The bores may be arranged to receive complementary pins on the
other of the control head and lock element head when in the
inactive position such that the pins are received within the bores
and thus mesh together. In the active position, the pins may not be
aligned with the bores and the control element and lock element may
be held apart.
[0011] In some embodiments, the projection on the control head or
the projection on the lock element head may be shaped such that the
rotational motion of the control element is converted to axial
motion of the lock element. Thus, the projection may have a lead-in
portion inclined to the axial direction arranged to bear against
the other projection such that rotation of the control element
moves the lock element in the axial direction. This may be
advantageous as rotation of the control element can be arranged to
drive the control element and lock element apart so that the lock
element can engage a lock keep, for example.

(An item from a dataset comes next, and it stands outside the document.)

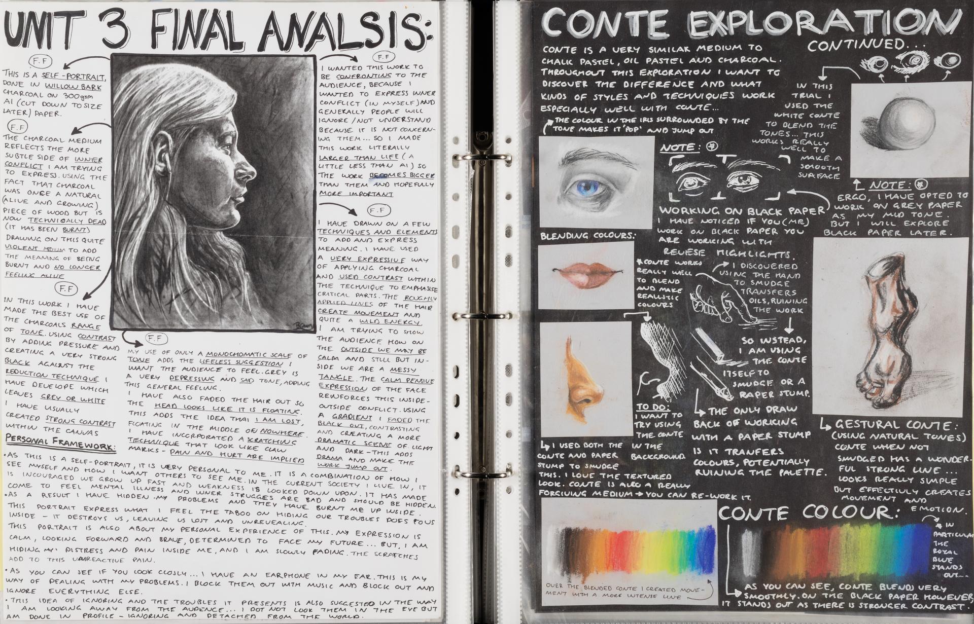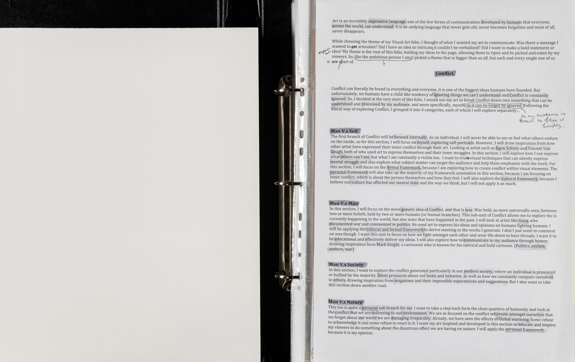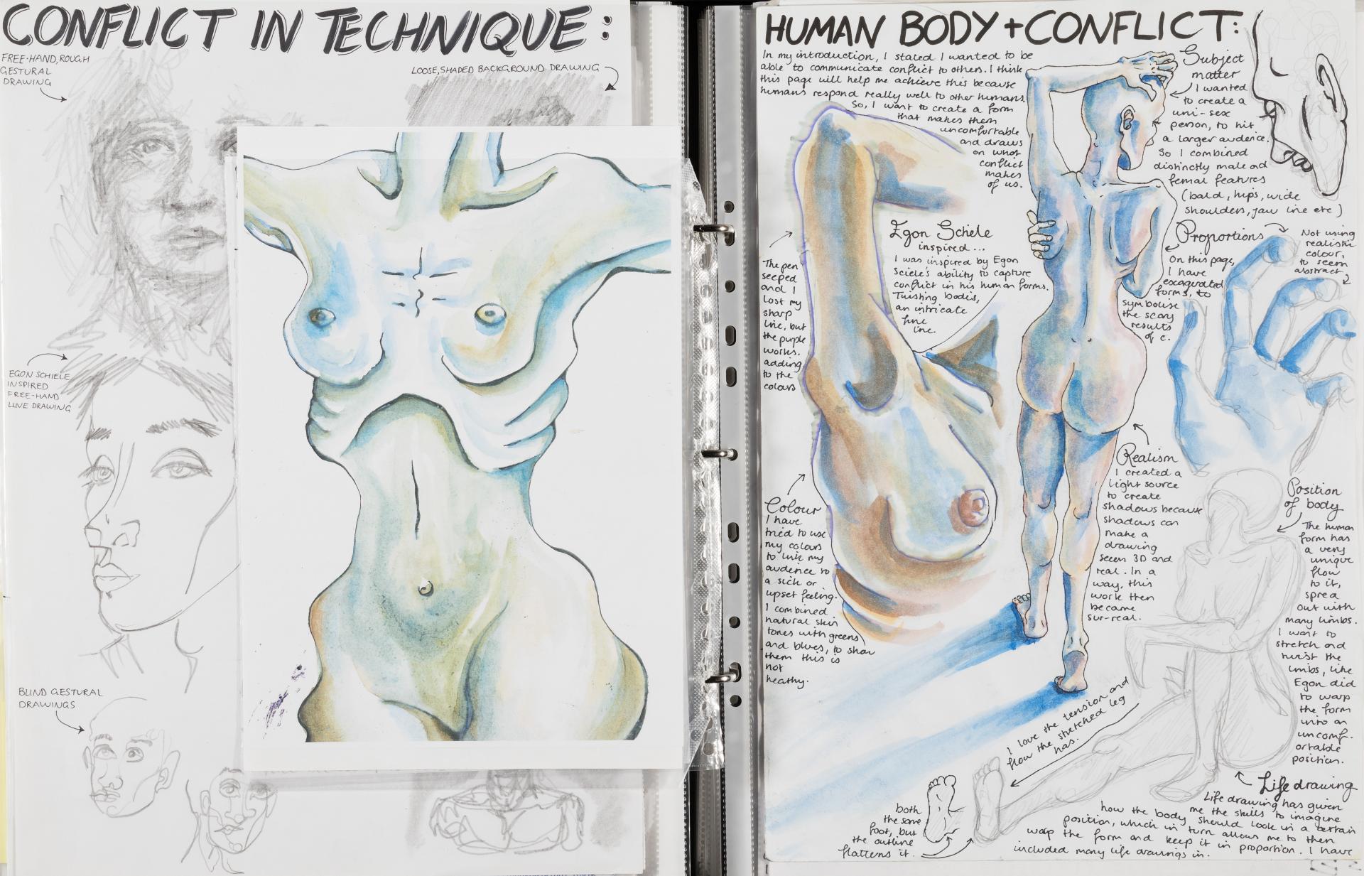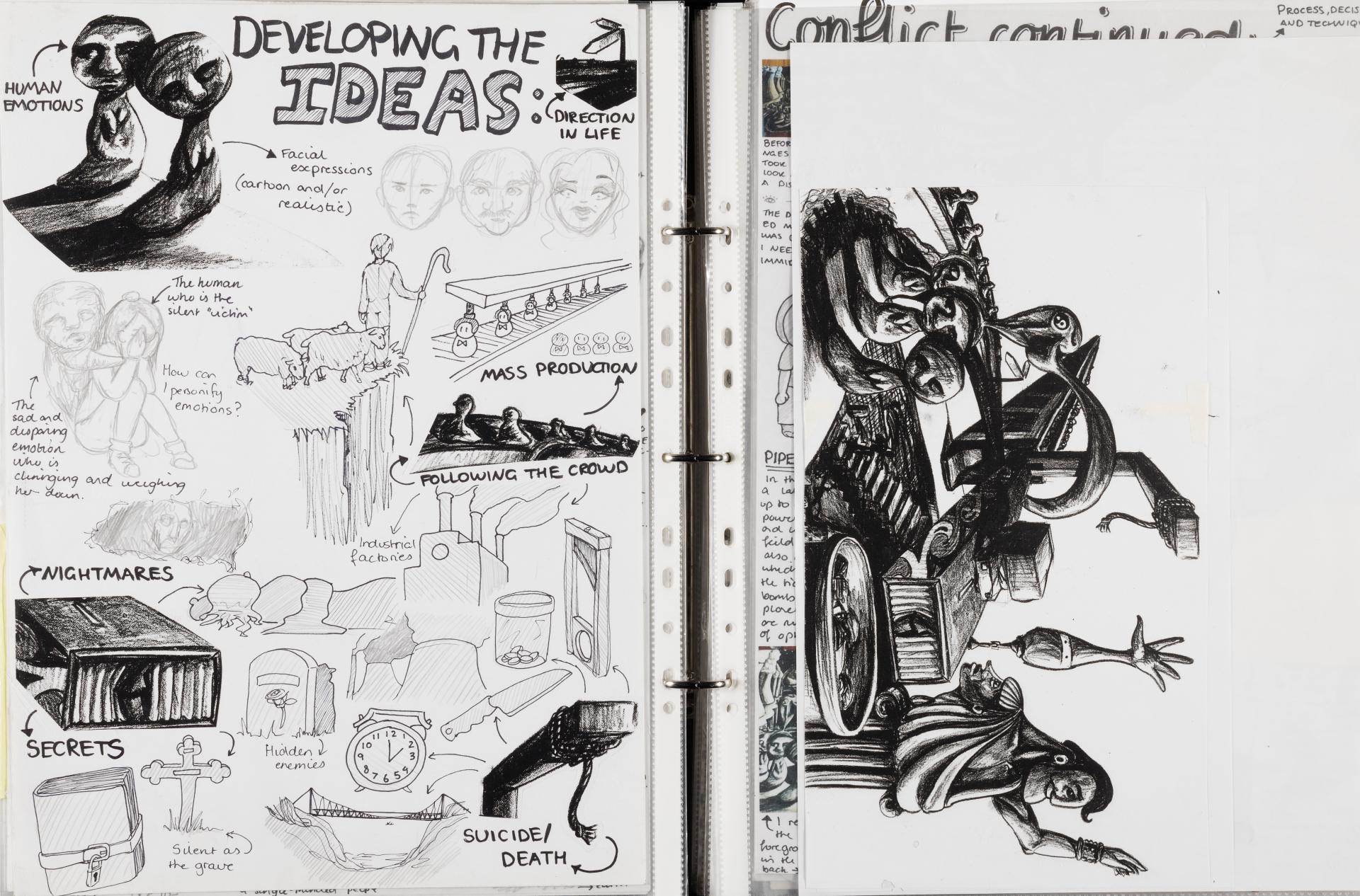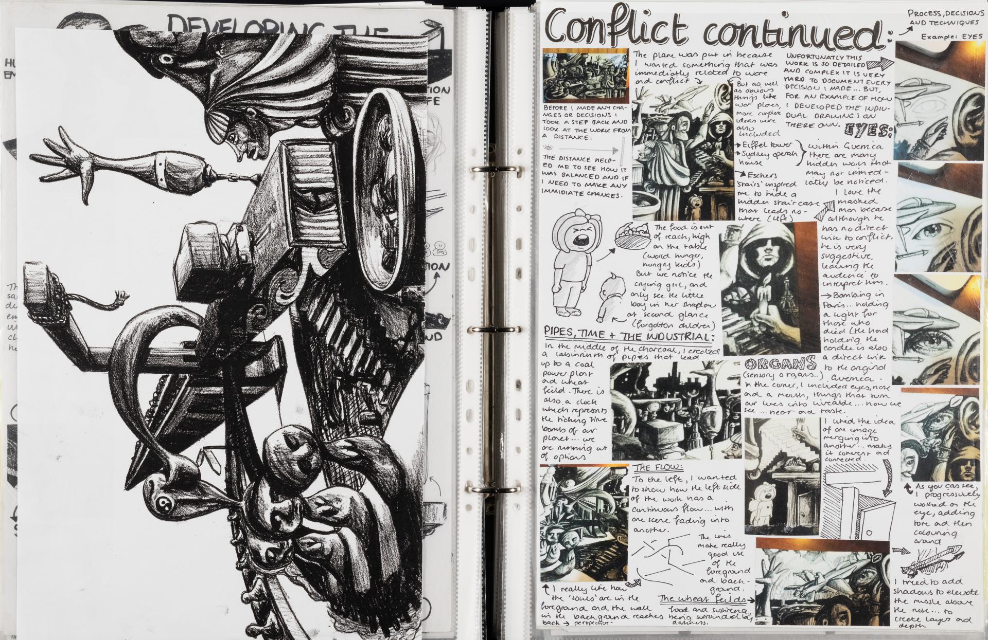Bethany began her art process with an overriding interest in conflict. She explored the notion of conflict from various perspectives using extensive mind maps and research. Here we see the beginning of Bethany’s focused exploration of personal ideas that continues throughout her body of work. The scope of her investigation is comprehensive and provides clear evidence of the exploration of concepts, skills and directions.

[0012] In some embodiments, the control element and the lock
element may be received within a housing and may be axially
slidable therein. The lock mechanism may include a biasing element
to urge the control element and lock element apart. The housing may
form a guide such that the control element and lock mechanism can
move axially relative to each other. This arrangement may be
advantageous as the lock element and control element can "float" in
the housing, which has been found to result in a more reliable
mechanism in some cases as tolerances do not always need to be
strictly controlled.
[0013] In some embodiments, the housing may comprise an abutment
end plate at one end arranged to contact the control element. The
abutment end plate may be constructed and adapted to form a mount
for a motor for rotating the control element between the active and
inactive positions. The end plate may be advantageous in some cases
as it transfers forces applied to the control element to the
housing rather than the forces being transferred to the motor.
[0014] In some embodiments, the control element may comprise a
tubular body having the control head at one end.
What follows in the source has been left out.